To determine how the findings in mice may translate to humans, the researchers established a double-blinded placebo-controlled study that included 14 healthy participants. The participants were randomized into two groups: One group received a meal that contained one gram of propionate as an additive and the other group was given a meal that contained a placebo. Blood samples were collected before the meal, within 15 minutes of eating the meal, and every 30 minutes thereafter for four hours.

The researchers found that people who consumed the meal containing propionate had significant increases in norepinephrine as well as increases in glucagon and FABP4 soon after eating the meal. The findings indicate that propionate may act as a “metabolic disruptor” that potentially increases the risk for diabetes and obesity in humans. The researchers noted that while propionate is generally recognized as safe by the U.S. Food and Drug Administration, these new findings warrant further investigation into propionate and potential alternatives that could be used in food preparation.

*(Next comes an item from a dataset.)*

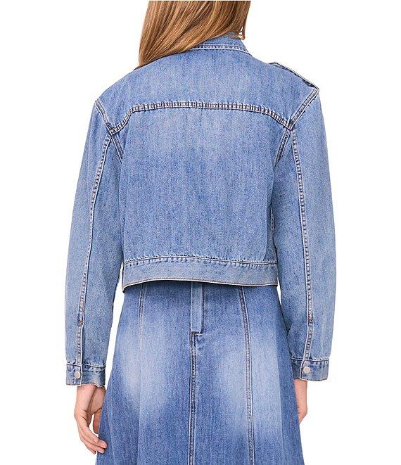 1. STATE Denim V-Neck Long Sleeve Drop Shoulder Button Front Jacket
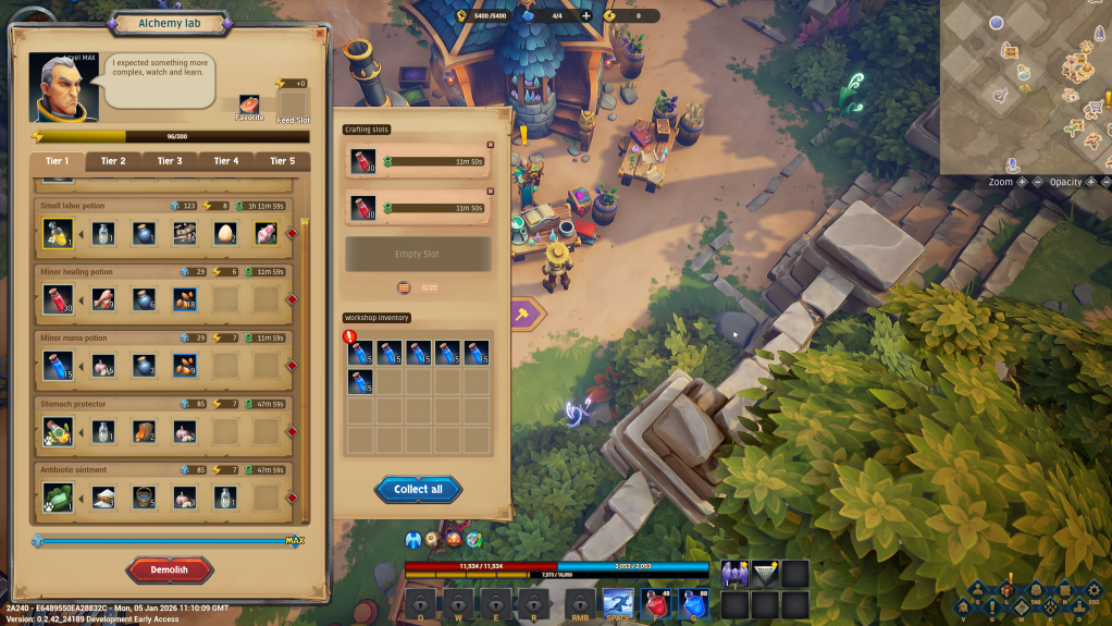 A production system was developed featuring various stations -such as the sawmill or the kitchen-where items could be crafted from materials through a generic recipe system. This approach allowed new stations to be added with minimal effort from both programming and design teams. The system also included station-level progression with recipe unlocks and worker-feeding mechanics, as well as a basic dialogue system

“The dramatic increase in the incidence of obesity and diabetes over the past 50 years suggests the involvement of contributing environmental and dietary factors. One such factor that warrants attention is the ingredients in common foods. We are exposed to hundreds of these chemicals on a daily basis, and most have not been tested in detail for their potential long-term metabolic effects,” said Amir Tirosh, associate professor of medicine at Tel-Aviv University’s Sackler School of Medicine, director of the Division of Endocrinology at Sheba Medical Center in Israel, and research fellow at Harvard Chan School.

Other Harvard Chan School authors included Ediz Calay, Gurol Tuncman, Kathryn Claiborn, Karen Inouye, Kosei Eguchi, and Michael Alcala.

Funding for this study came from National Institutes of Health’s National Institute of Diabetes and Digestive and Kidney Diseases grant K08 DK097145, as well as the Nutrition Obesity Research Center at Harvard grant P30-DK040561, the Cardiovascular, Diabetes and Metabolic Disorder Research Center of the Brigham Research Institute, and the Israeli Ministry of Health Research and Fellowship Fund.